La flamme brûla longtemps, sans trembler, lumineuse et longiligne, et puis, tout doucement, elle se rétrécit pour finalement s’éteindre
- Ah, la flamme est morte.
- Oui, elle est morte.
- C’est quoi la mort, père ?
- Allez vous coucher, les enfants. Chacun dans son lit.
Le garçon et la fillette regagnèrent leurs places à quatre pattes et se couchèrent. L’homme poussa un long soupir et s’affaissa. La femme se coucha doucement à ses côtés. Elle tira la couverture tchador qui, ce soir, avait fait office de nappe et qu’elle venait tout juste de débarrasser. Ils écoutèrent leur souffle pendant un moment. Celui des enfants s’apaisa. Ils s’endormirent. La femme se dit qu’il était temps de poser la question.
- Tu as amené les enfants au bazar ? demanda-t-elle doucement.
- Oui dit l’homme.
- Personne n’a voulu les acheter ?
- Personne.
- Qu’est-ce qu’ils disaient ?
- Rien. Que voulais-tu qu’ils disent ? Ils ont tous pleuré sur notre sort. Il fondit en larmes.
La femme pleurait aussi. Après quelques instants
- اa suffit maintenant. Ne pleure pas. On n’avait pas le choix, non ?
L’homme ne répondit pas.
- On a tout fait, continua la femme, on a vendu les meubles, on a emprunté de l’argent. On n’avait pas assez d’argent pour aller ailleurs. Personne ne voulait plus nous aider. Et puis tu n’étais pas un de ces mojahedin qui...
L’homme eut un geste d’agacement. La femme tempéra son propos :
- Je sais, ce n’est pas ton genre de piller les gens... Et moi non plus, je ne savais pas quoi faire.
- Ils ont fait une collecte pour nous.
- Ce n’est pas grave, on les remboursera. Quand nous serons sortis d’affaire, nous viendrons en aide à ceux qui sont dans le besoin.
L’homme poussa un soupir.
- Pourquoi tu soupires ? Tu as peur ? Tu penses à demain ?
- Hmmm...
- La nuit porte conseil. Demain, il y aura peut-être une éclaircie.
- Oui, je sais, demain le ciel nous sera clément.
Ils se turent quelques instants. La femme posa sa main sur la poitrine de l’homme. Elle fit glisser un doigt sous la chemise déchirée et caressa la poitrine de son mari.

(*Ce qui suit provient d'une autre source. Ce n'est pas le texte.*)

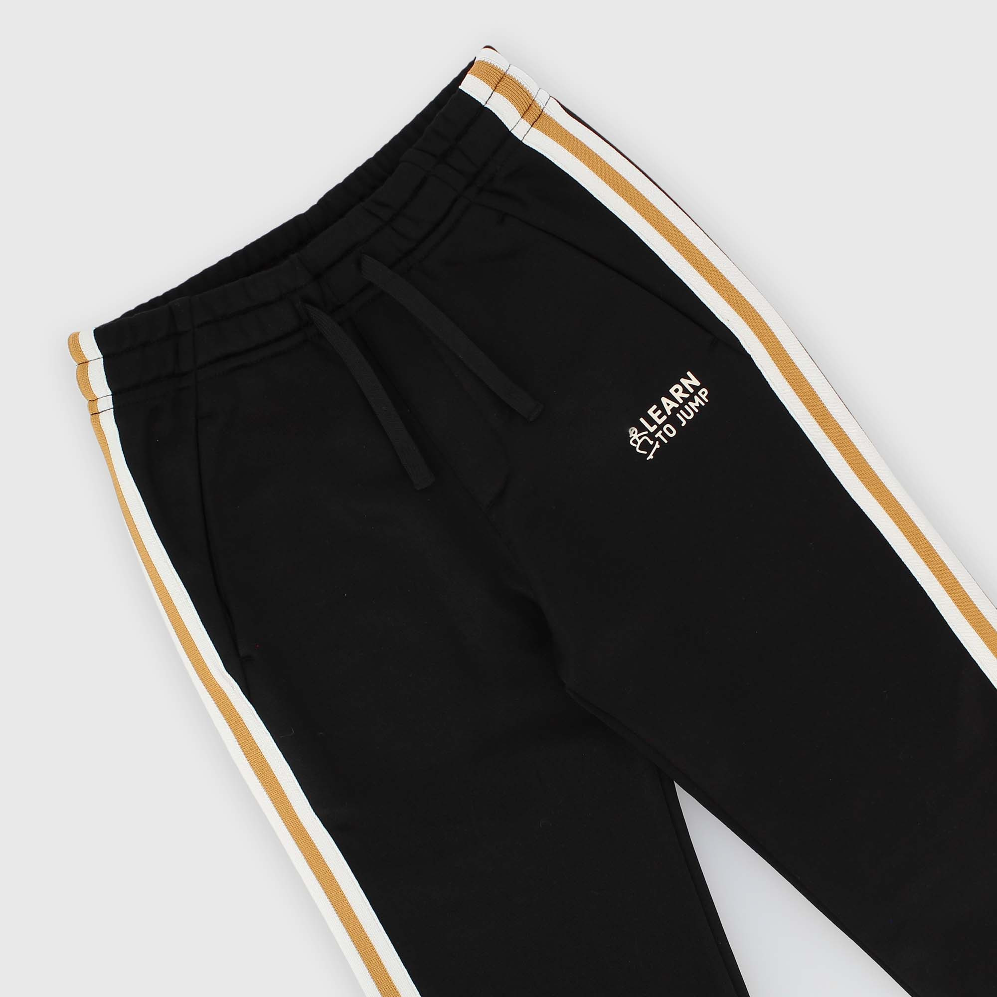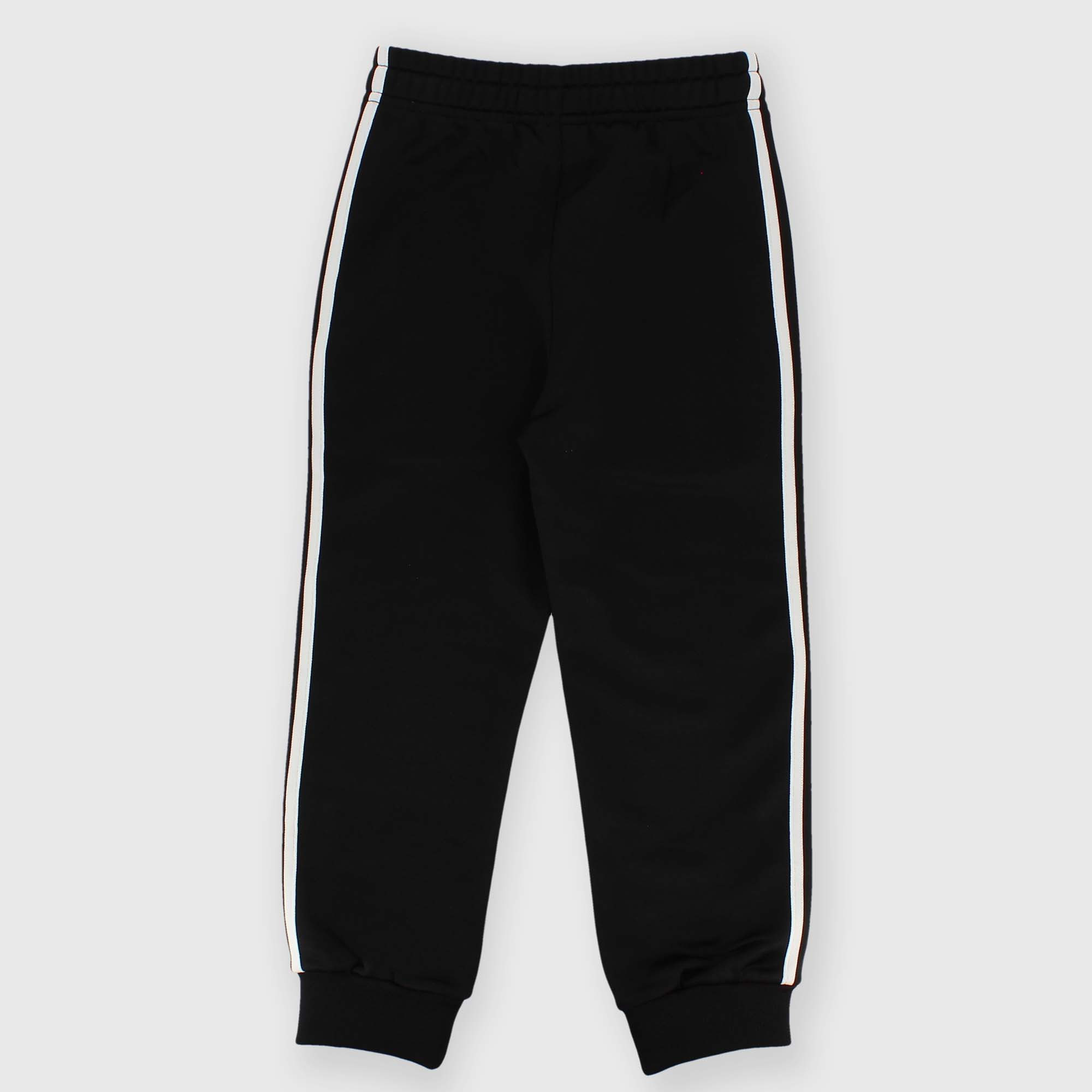 Hose aus Triacetat mit elastischem Bund und vorderen Schnürsenkeln. Französische Taschen. Kontrastierende seitliche Streifen. Kleiner gummierter Druck auf der Vorderseite. Elastischer Saum.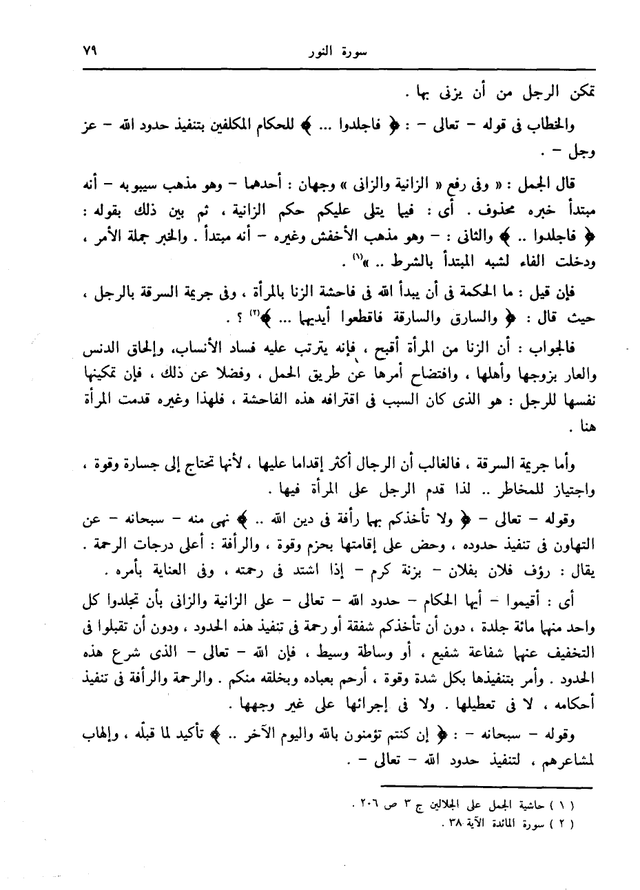 (1) حاشية الجمل على الجلالين ج 3 ص 206.

- Veux-tu que notre festin soit vraiment royal ?
L’homme la repoussa.
- Non, je veux être propre en mourant.
La femme ne comprit pas ce que son mari voulait dire. Ses paupières étaient lourdes et elle s’arrêta de parler. L’homme pensa : L’amour... c’est peut-être là que réside la pureté ?
…Et il s’approcha.
Quelques instants plus tard, la nuit qui tirait son noir linceul sur la ville les recouvrit de son ombre lourde comme le sommeil.